Sep 10, 2022 - Economy

The problem of indolent retail shareholders

Illustration of a ballot box covered in dust and cobwebs.

Illustration: Aïda Amer/Axios

The first rule of meme stocks is that you short them at your peril — no matter how overvalued they might seem, the crowd can always bid them up.

Driving the news: Shares in Digital World Acquisition Corp, or DWAC, sure seem like they're defying gravity right now, even after having fallen 87% from their peak last October.

Why it matters: DWAC shares are trading on the hope — some would say pure faith — that the SPAC will be able to acquire Truth Social, the Twitter competitor associated with Donald Trump.

  • The problem is that the deal hasn't closed yet — and DWAC hasn't been able to muster sufficient votes from its retail shareholders to extend the deadline.

The big picture: Institutions have established procedures for voting their shares; individuals don't. As a result, according to ProxyPulse, while 83% of institutional investors vote their shares, just 30% of retail investors do — and that number has been slowly and steadily declining since the firm started measuring in 2017.

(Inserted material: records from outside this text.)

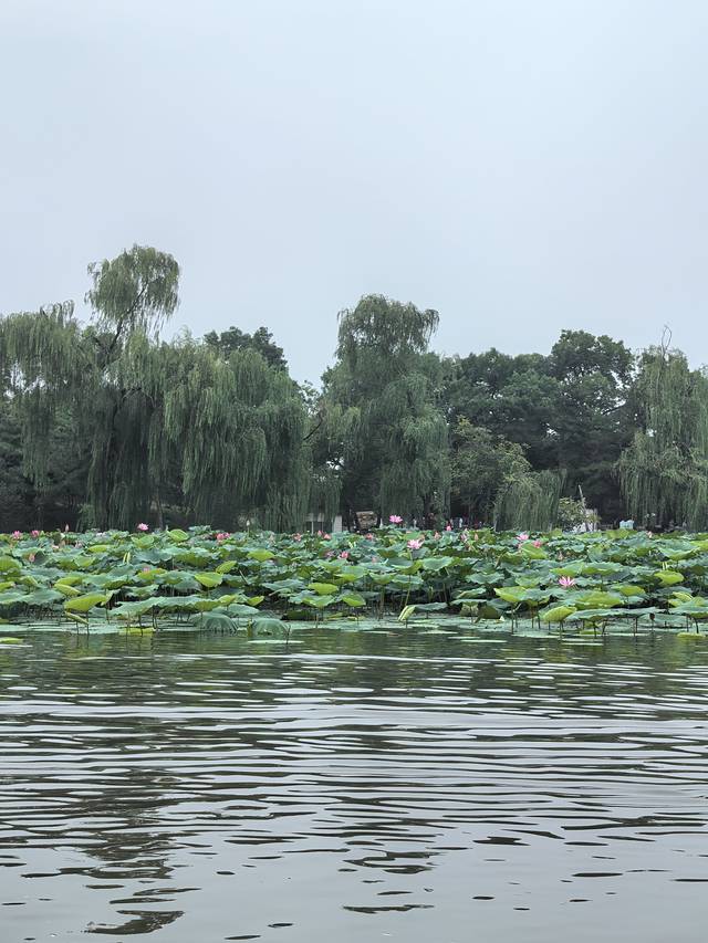 从北大出来,走了不久就到了圆明园,二十年前没有来看过,一补遗憾!看了攻略,说的坐船后就是遗址。没有导游,就边走边看,问了一下找到坐船的地方,一个不大的湖,坐船的要排队。买了船票就排队上船,10人一个船。湖上开满荷花,窄窄的湖道晃晃悠悠,咦,怎么还要换个大船?上了大船开出来,视野一下无限开阔,面前展现出一个巨大的湖,老公不禁感叹:怪不得大清要亡啊!
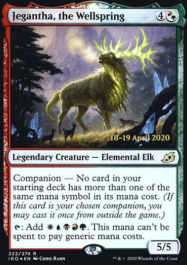 Jegantha, the Wellspring (Promo Pack) [Ikoria: Lair of Behemoths Promos]Set: Ikoria: Lair of Behemoths Promos Type: Legendary Creature — Elemental Elk Rarity: Rare ...
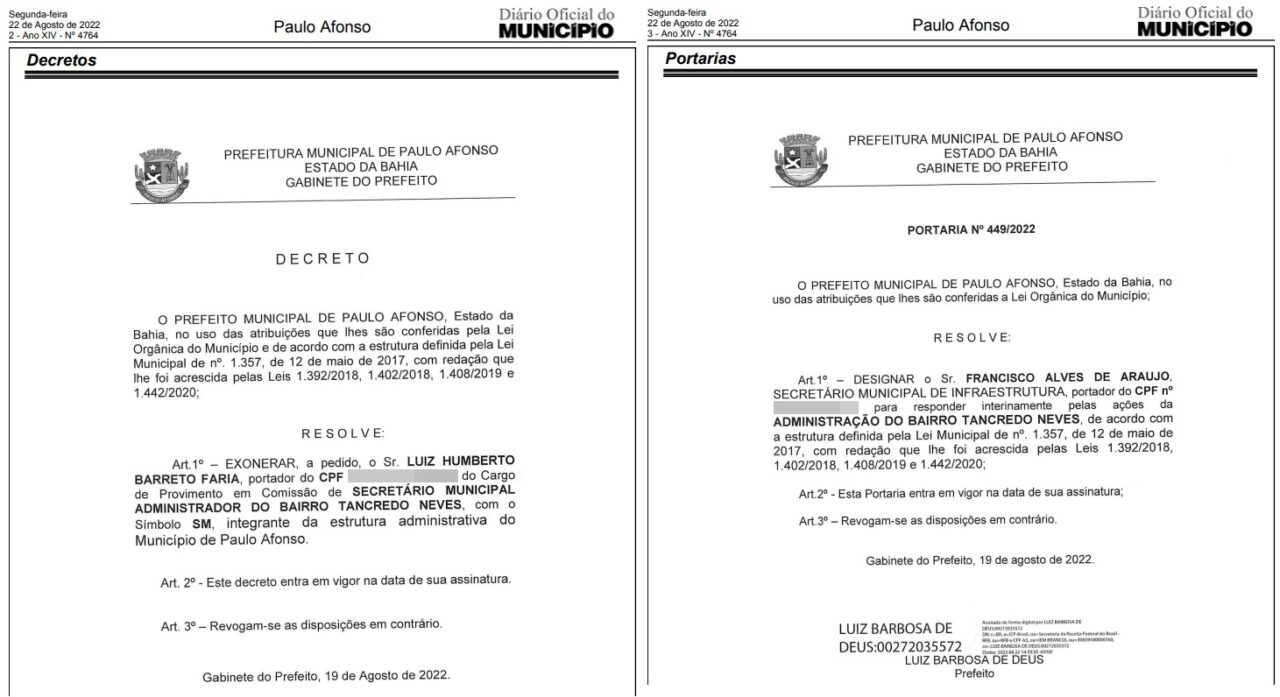 Luiz Humberto, conhecido como “Luizinho”, pediu exoneração do cargo de Administrador do Bairro Tancredo Neves. A informação foi publicada nas redes sociais da pefeitura de Paulo Afonso na tarde desta segunda-feira, 22 de agosto. De acordo com a publicação, Luizinho deixa o governo por questões pessoais. Luiz Humberto é genro do prefeito Luiz de Deus (PSD) e pai de Luiza de Deus (PP) que é candidata a deputada estadual. Veja abaixo nota oficial:
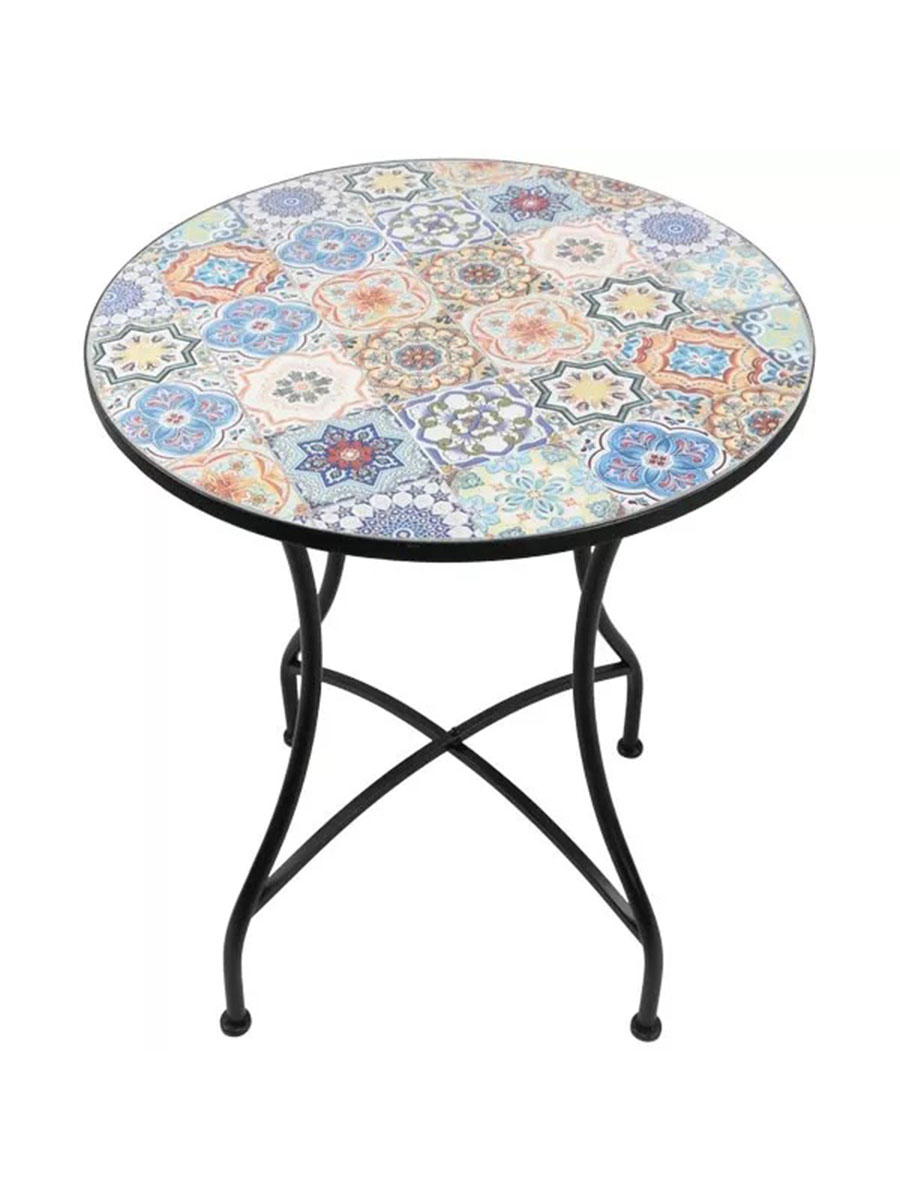 В классическом стиле с нотками марокканского стиля гармонично сочетаются металл и керамика. Нежные пастельные тона, узнаваемые мотивы керамической плитки. Удобные габариты (60x60x71 см) позволяют разместить столик даже в небольшом пространстве – будь то гостиная или садовый участок.
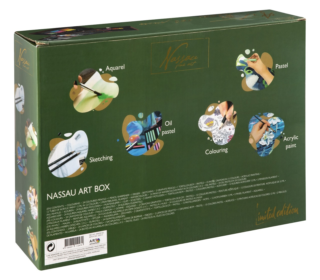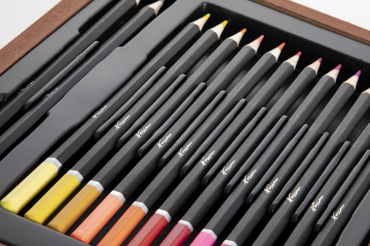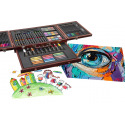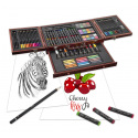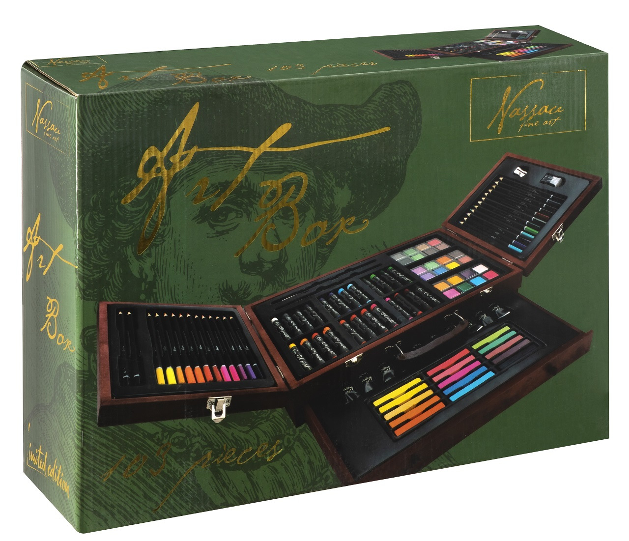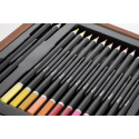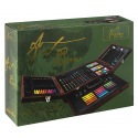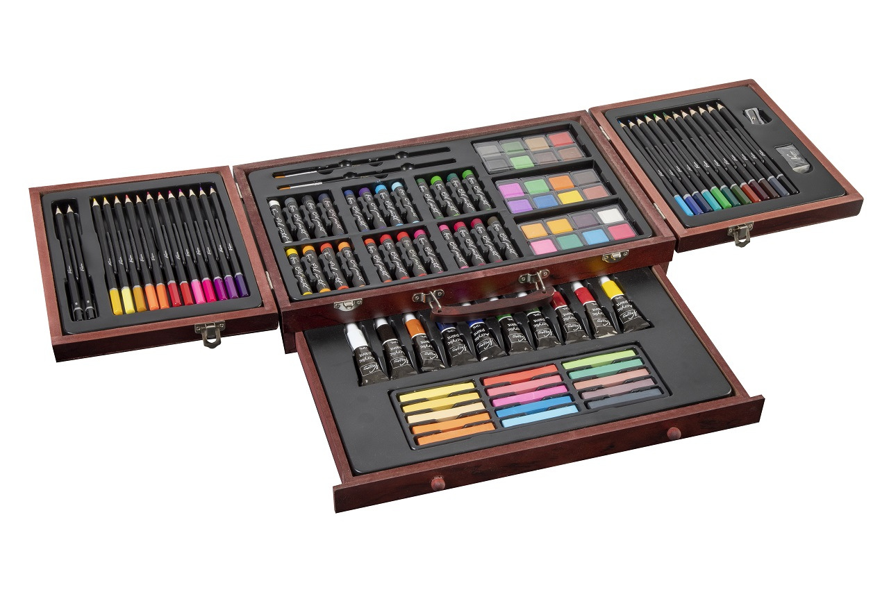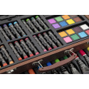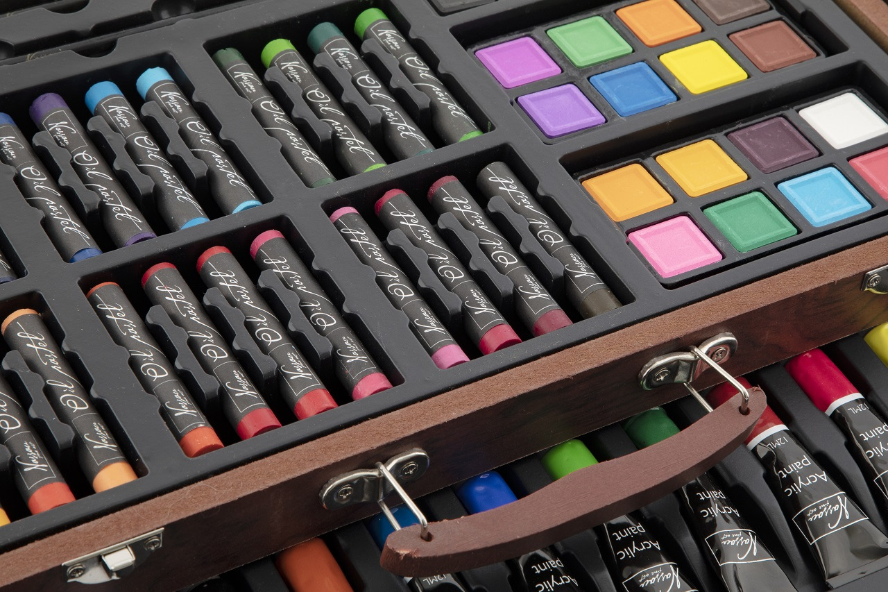 Duży zestaw do rysowania i malowania. Kredki, farby wodne…. Wszystko przechowywane w drewnianej walizce.
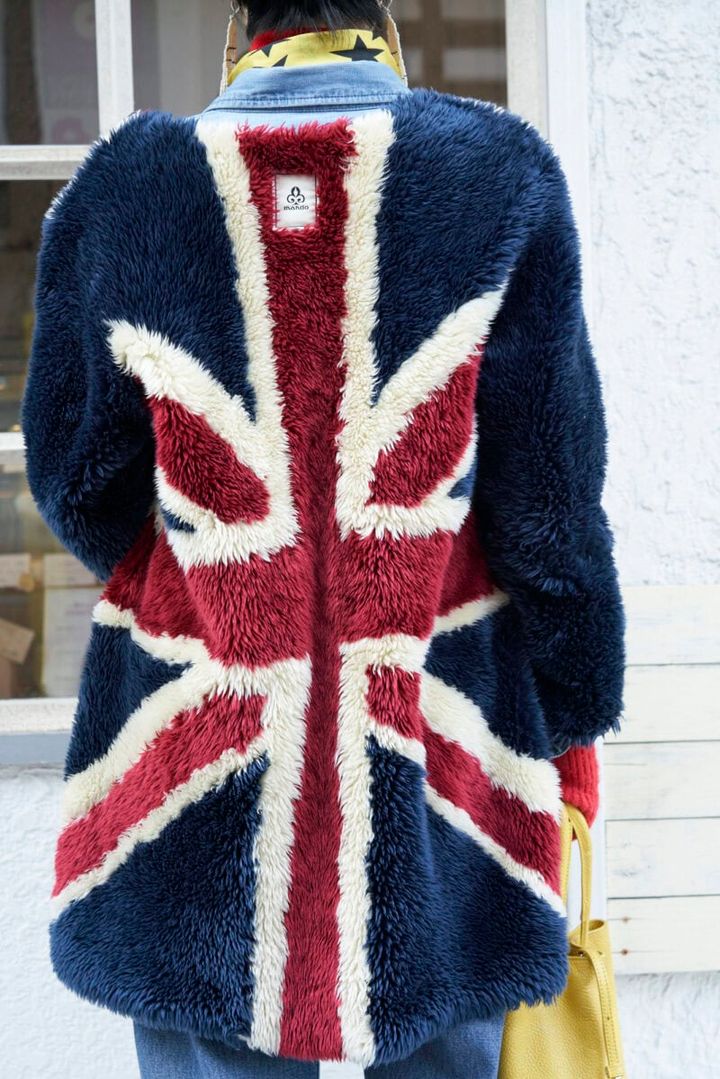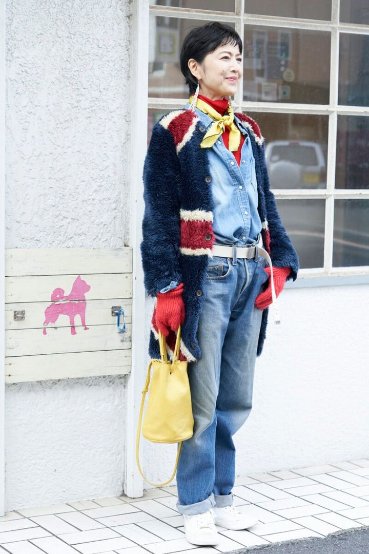 ユニオンジャックをモチーフにしたフェイクファーコートは、永遠のロック少女のユニフォームのよう。「これはモッズコートのインナーなんです」と藍田さん。インナーにしておくには惜しいと、アウターに昇格させて、ネイビー×イエロー×レッドの三色を配したブリティッシュテイストのコーデにしました。「デニムシャツはエーケーワンの初期のもので、デニムは定番のリーバイス501。スタンダードなカジュアルアイテムを組み合わせました」(藍田さん)

  • Say Technologies, which was bought by Robinhood for $140 million in 2021, was supposed to help reverse that trend. But Say refused to share with Axios what proportion of Robinhood's DWAC or AMC holders voted their stock when it really mattered, which suggests to me that the numbers weren't particularly impressive.

By the numbers: DWAC's sponsors have spent $2.8 million of their own money to extend the life of their company for another three months, and have pushed the deadline to vote back to October 10. But they still need 65% of shareholders to vote in favor, and right now, even after a massive marketing push, they're only at roughly 40%, per Reuters.

  • The catch: As shares continue to trade in high volume, it's increasingly difficult to find eligible voters, since in order to vote a shareholder needs to have owned the shares on August 12.

How it works: DWAC is now on borrowed time, and will liquidate at $10 per share when the clock finally runs out. That makes it hard to justify a share price that is still more than $20.

  • Even if DWAC does get shareholder approval to extend its own life, it seems increasingly unlikely to receive SEC approval to buy Trump Media & Technology Group. Without that approval, DWAC is worth no more than $10 per share.

The bottom line: AMC similarly couldn't get approval from its army of retail "apes" to get permission to issue new stock, so it had to construct an awkward new preferred security instead. With DWAC, the consequences of retail apathy are much more existential.